Work instruction:
Please take the lines from the one holding "Knížka Stavba není" through the one holding "A rustic yet" in the data below and copy them exactly.

Data for this task:
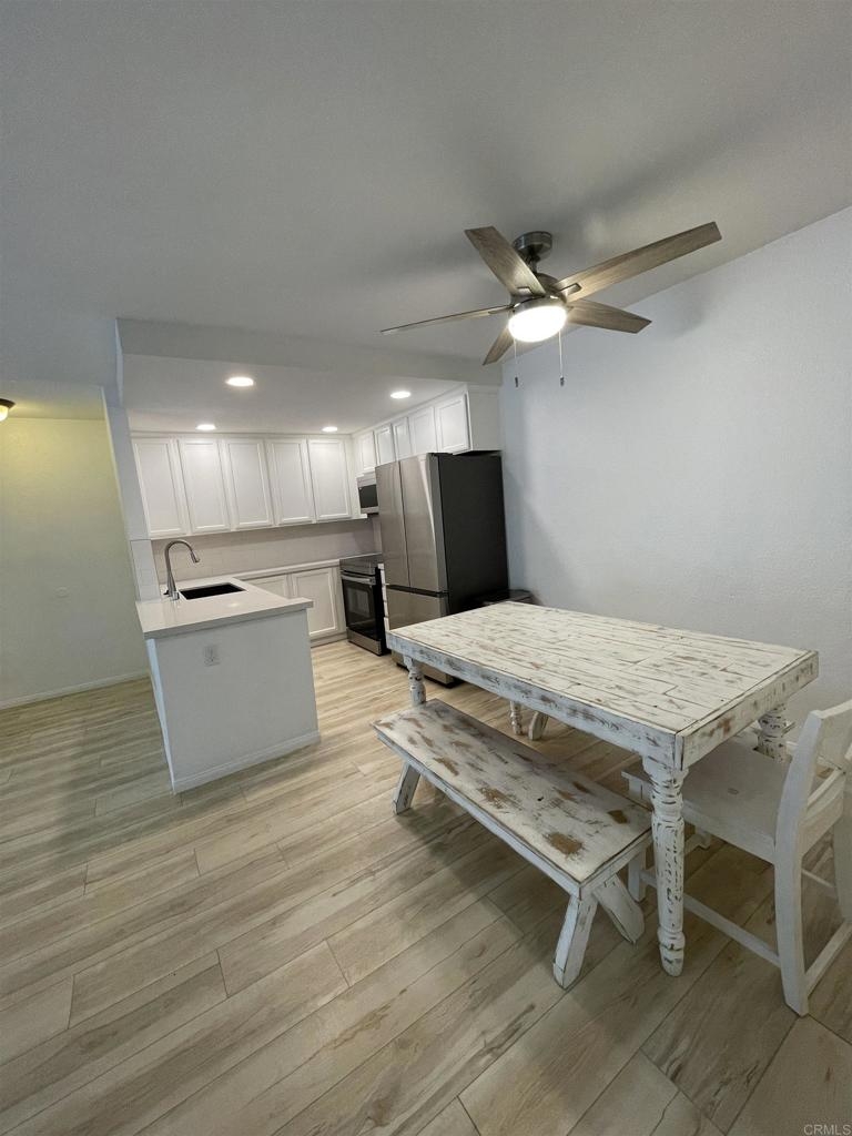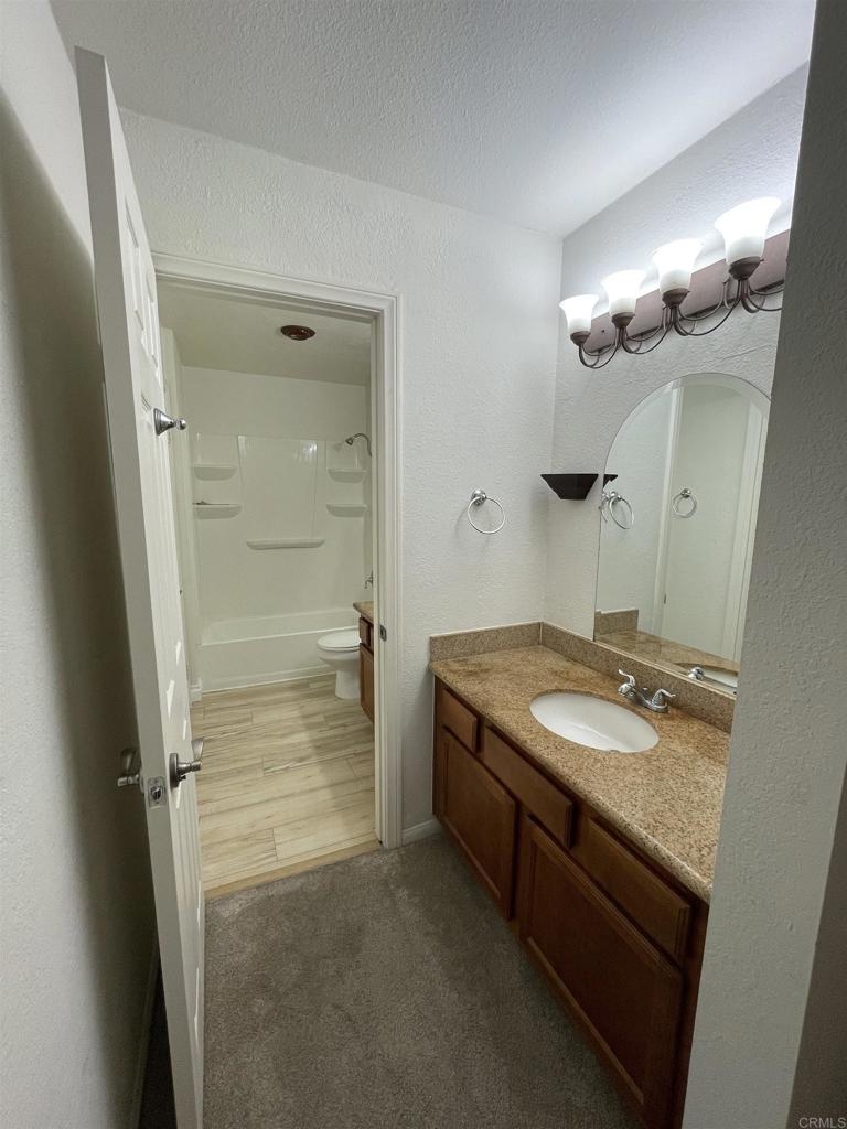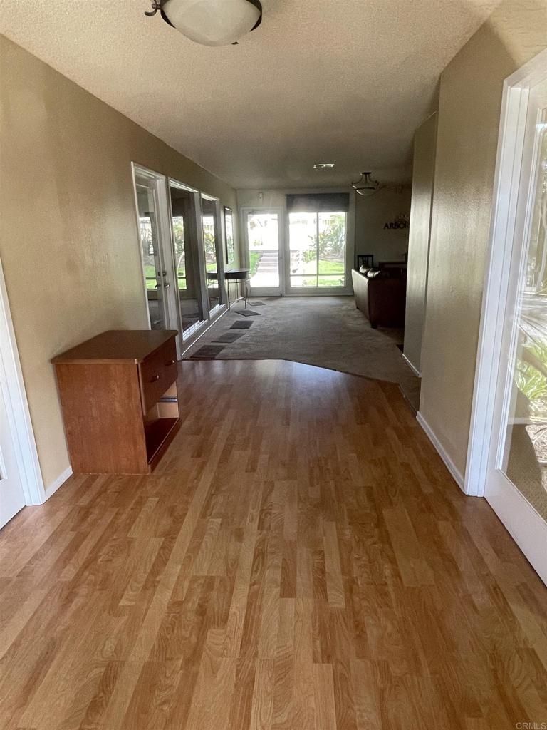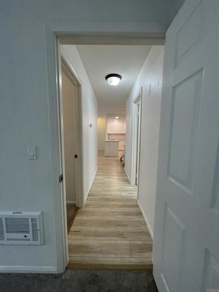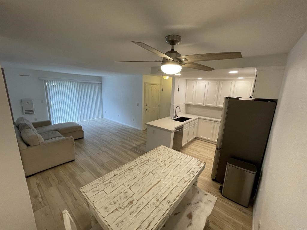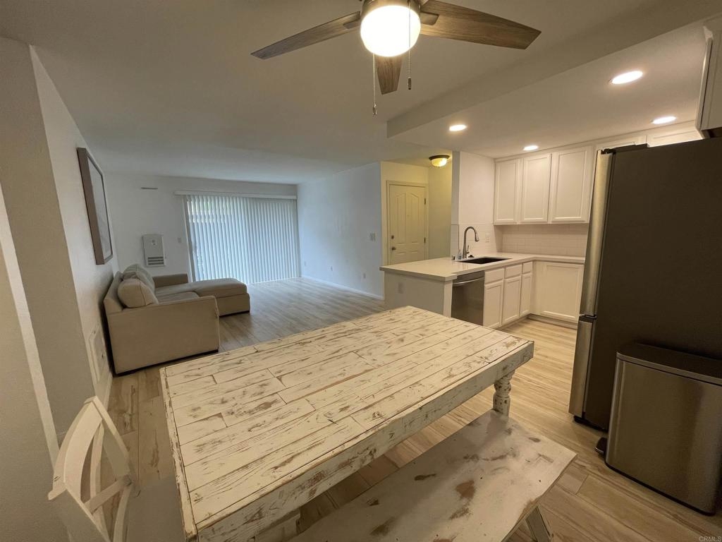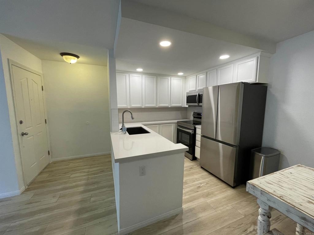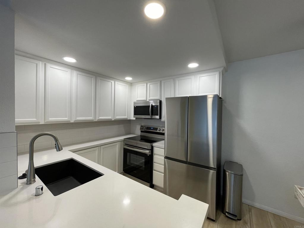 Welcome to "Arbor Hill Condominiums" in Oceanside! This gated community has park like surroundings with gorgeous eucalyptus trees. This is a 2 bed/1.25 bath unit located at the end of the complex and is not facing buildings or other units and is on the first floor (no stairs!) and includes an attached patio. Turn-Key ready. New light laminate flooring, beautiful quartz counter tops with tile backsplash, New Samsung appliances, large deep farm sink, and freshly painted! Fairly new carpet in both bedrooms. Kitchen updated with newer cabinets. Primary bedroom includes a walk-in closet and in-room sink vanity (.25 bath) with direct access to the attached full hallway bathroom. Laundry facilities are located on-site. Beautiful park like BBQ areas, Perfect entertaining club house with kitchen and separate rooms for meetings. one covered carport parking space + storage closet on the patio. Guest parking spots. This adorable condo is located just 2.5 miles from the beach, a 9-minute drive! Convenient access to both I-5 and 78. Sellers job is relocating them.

---

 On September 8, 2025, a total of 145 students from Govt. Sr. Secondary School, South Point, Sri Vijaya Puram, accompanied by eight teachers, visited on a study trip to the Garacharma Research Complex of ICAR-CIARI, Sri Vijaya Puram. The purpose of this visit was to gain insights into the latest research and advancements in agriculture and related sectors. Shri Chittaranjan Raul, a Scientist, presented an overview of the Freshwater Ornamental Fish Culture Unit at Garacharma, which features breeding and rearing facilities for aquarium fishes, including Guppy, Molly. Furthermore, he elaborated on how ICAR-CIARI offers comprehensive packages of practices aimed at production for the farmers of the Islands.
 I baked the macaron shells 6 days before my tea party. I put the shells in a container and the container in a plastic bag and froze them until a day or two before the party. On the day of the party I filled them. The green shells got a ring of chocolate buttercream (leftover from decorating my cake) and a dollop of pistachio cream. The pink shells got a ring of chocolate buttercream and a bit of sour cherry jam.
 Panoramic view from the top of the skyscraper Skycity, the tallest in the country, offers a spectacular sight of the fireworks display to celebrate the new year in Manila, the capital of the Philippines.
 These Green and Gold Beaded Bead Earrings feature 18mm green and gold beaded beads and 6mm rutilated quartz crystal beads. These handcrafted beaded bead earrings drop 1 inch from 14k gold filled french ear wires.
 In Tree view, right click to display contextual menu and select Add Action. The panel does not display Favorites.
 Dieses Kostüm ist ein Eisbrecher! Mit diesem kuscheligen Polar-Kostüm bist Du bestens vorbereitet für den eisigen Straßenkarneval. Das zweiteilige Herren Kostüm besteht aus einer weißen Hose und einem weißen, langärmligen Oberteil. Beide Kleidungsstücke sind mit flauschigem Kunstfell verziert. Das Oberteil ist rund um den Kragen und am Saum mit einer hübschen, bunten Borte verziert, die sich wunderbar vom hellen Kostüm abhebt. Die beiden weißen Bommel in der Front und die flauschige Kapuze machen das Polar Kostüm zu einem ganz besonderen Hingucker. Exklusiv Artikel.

* * *

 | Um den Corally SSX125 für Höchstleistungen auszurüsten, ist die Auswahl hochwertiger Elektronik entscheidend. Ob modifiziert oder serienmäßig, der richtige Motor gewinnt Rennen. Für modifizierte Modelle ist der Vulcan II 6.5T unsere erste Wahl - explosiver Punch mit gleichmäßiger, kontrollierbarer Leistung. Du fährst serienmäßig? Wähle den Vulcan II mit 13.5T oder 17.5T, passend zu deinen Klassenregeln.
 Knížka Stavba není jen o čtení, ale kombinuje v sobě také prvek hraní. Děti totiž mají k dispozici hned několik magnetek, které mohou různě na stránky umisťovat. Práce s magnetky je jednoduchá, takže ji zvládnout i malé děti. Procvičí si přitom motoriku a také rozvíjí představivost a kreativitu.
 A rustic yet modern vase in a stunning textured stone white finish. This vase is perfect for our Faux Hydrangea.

Exercise output:
 Knížka Stavba není jen o čtení, ale kombinuje v sobě také prvek hraní. Děti totiž mají k dispozici hned několik magnetek, které mohou různě na stránky umisťovat. Práce s magnetky je jednoduchá, takže ji zvládnout i malé děti. Procvičí si přitom motoriku a také rozvíjí představivost a kreativitu.
 A rustic yet modern vase in a stunning textured stone white finish. This vase is perfect for our Faux Hydrangea.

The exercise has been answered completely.